Recordkeeping & Disclosure
Across the board, regulators expect you to be able to show what tool was used, how it was evaluated for bias, and what you told candidates. Maintain an auditable trail per tool, per jurisdiction.
Multi-State AI Hiring Compliance Checklist
For HR tech vendors and employers operating across states. Steps 1–4 are the highest-leverage.
This article is general information, not legal advice. State AI employment laws, effective dates, and penalty figures change frequently — Colorado and California in particular have revisited timelines. Verify current requirements with employment counsel before acting.
Keep your hiring tools and careers pages compliant
Bias-audit notices and AI disclosures only work if every candidate can actually access them. RatedWithAI scans your careers pages and application flows for accessibility and compliance gaps. Start with a free scan.

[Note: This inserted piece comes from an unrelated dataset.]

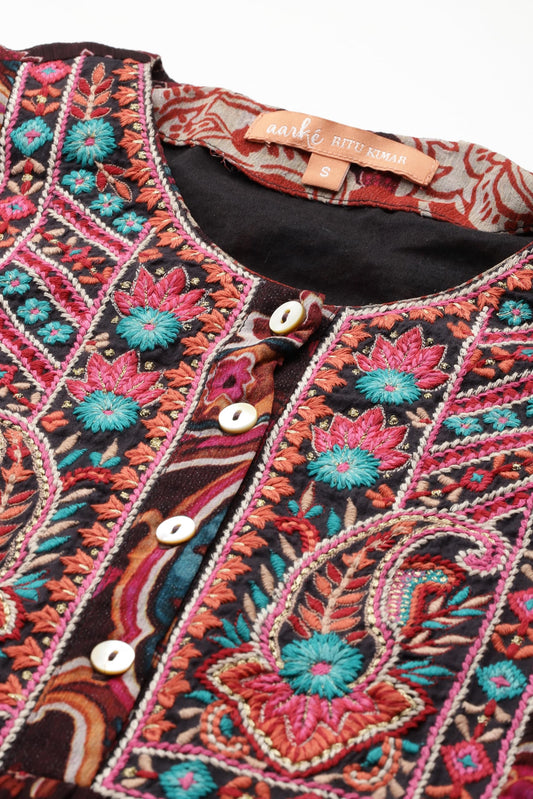 Ritu Kumar Navy Floral Print Chanderi Kurta With Palazzo And Dupatta

Scan Your Hiring Pages for Free →Frequently Asked Questions
Which states regulate AI bias in hiring?
The most significant 2026 regimes are New York City (Local Law 144's mandatory bias audits for automated employment decision tools), Colorado (the AI Act's duty of reasonable care for high-risk AI in consequential decisions, including employment), Illinois (the AI Video Interview Act plus a 2026 Human Rights Act amendment on AI discrimination), and California (CPRA ADMT rules and Civil Rights Council guidance). Other states have pending bills and guidance.
What does an AI bias audit involve?
It's an impartial evaluation of an automated decision tool for disparate impact — comparing selection or scoring rates across protected groups such as sex, race/ethnicity, and intersectional categories. NYC Local Law 144 requires the audit be performed by an independent auditor within the prior year, with a public summary of the results posted on the employer's website.
Does NYC Local Law 144 apply if my company isn't in New York?
It can. The law keys off the location of the job, not the employer's headquarters. If you use an automated employment decision tool to screen candidates or employees for positions located in New York City, you're covered — even as a remote-first company based elsewhere. You must run the bias audit, publish the summary, and provide candidate notice.
Is there a federal AI hiring law?
There is no federal statute specifically mandating AI bias audits, but existing federal anti-discrimination laws (Title VII, ADA, ADEA) already apply to AI-driven hiring outcomes, and the EEOC has stated that algorithmic tools causing disparate impact can violate those laws. So even outside the regulated states, discriminatory AI hiring carries federal legal exposure.
What happens if I ignore these laws?
Penalties vary by jurisdiction. NYC LL144 imposes civil penalties per violation per day. Colorado and California tie enforcement to their attorneys general and agencies, with potential injunctive relief and fines. Beyond statutory penalties, a documented failure to test for bias strengthens private discrimination claims and class actions, which are often the bigger financial risk.